2. Description of the Related Art FIG. 7 is a vertical sectional view showing a structure of a conventional scroll compressor disclosed in Japanese Patent Laid-Open No. 4-234592. In FIG. 7, 1 is a fixed scroll of a scroll compressor, 2 is an orbiting scroll which constitutes a fluid compression mechanism 25 for compressing a refrigerant gas together with the fixed scroll 1.
Is a discharge port, 4 is a suction port, 5 is a suction pipe communicating with the suction port 4, 10 is a discharge pipe, 6 is a drive shaft which is a crankshaft, and 7 is a bearing 7a which rotatably supports the drive shaft 6 in a radial manner. Then, 8 is a main frame for thrust-supporting the orbiting scroll 2, 8 is an electric motor rotor, 9 is an electric motor stator that constitutes the motor 21 together with the electric motor rotor 8, and 11 is a hermetically-sealed housing that houses the fluid compression mechanism 25 and other drive elements. It is a shell. Further, 14 is a sub-frame for supporting the bearing 15 which is located under the shell 11 and rotatably and radially supports the drive shaft 6 on the shell 11, and is a sub-frame holder fixed to the positioning portion 11 a of the shell 11. It is fixed to 12 with a bolt 13. Further, 30 is an oil pump for pumping lubricating oil such as refrigerating machine oil, and 31 is an oil reservoir provided under the shell 11 for storing lubricating oil.

Next, the operation of the above conventional scroll compressor will be described.
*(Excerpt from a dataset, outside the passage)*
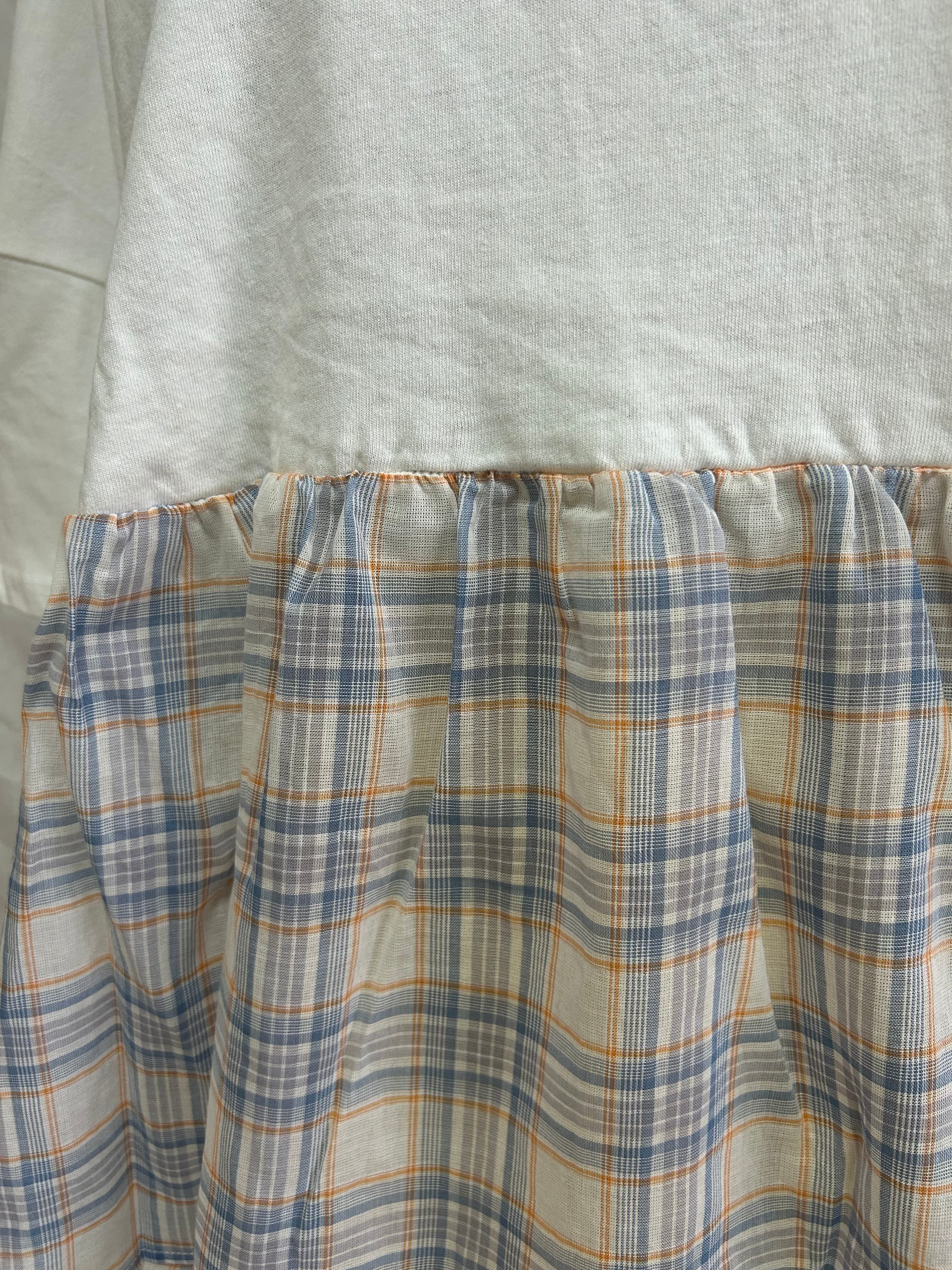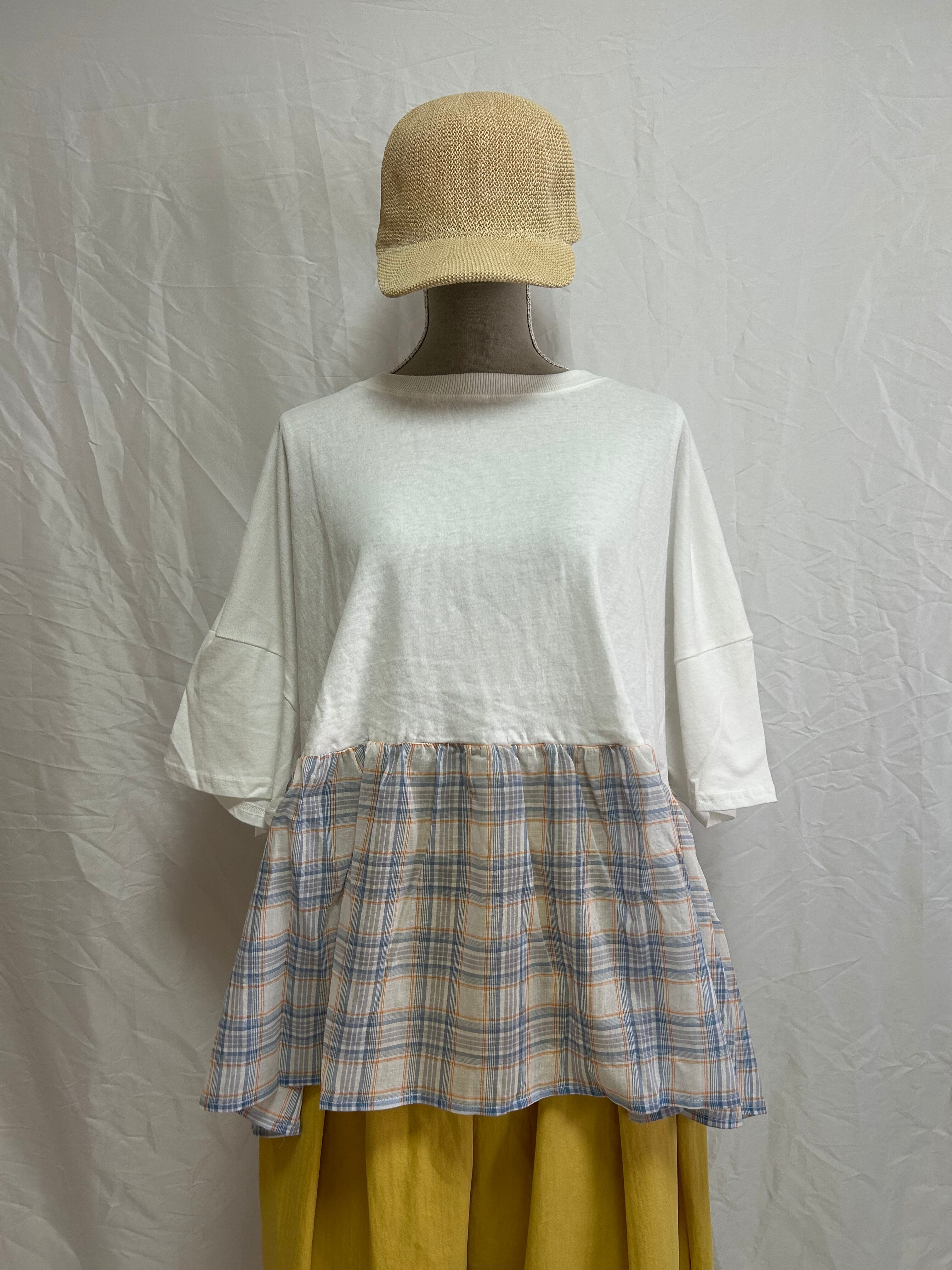 接触冷感×ギャザーチェックの異素材コンビで夏らしさ満点のドッキングTシャツ。

In FIG. 7, the drive shaft 6 driven by the electric motor stator 9 supported in the middle part of the shell 11 and the electric motor rotor 8 fixed in the middle part of the drive shaft 6.
While being supported by the bearing 7a of the main frame 7 and the bearing 15 of the sub-frame 14, the orbiting scroll 2 is caused to orbit to form a compression chamber between the fixed scroll 1 and the orbiting scroll 2. The refrigerant gas flowing from the suction pipe 5 into the shell 11 is sucked into the compression chamber through the suction port 4 by the compression action of the fixed scroll 1 and the orbiting scroll 2 and compressed into high pressure refrigerant gas, and then discharged from the discharge port 3. Then, it is sent out of the shell 11 through the discharge pipe 10.
In such a compression process, a centrifugal force due to the gas load due to the refrigerant and the rotational balance is generated, and the force acts on the bearing 7a of the main frame 7 and the bearing 15 of the sub frame 14 via the drive shaft 6, respectively.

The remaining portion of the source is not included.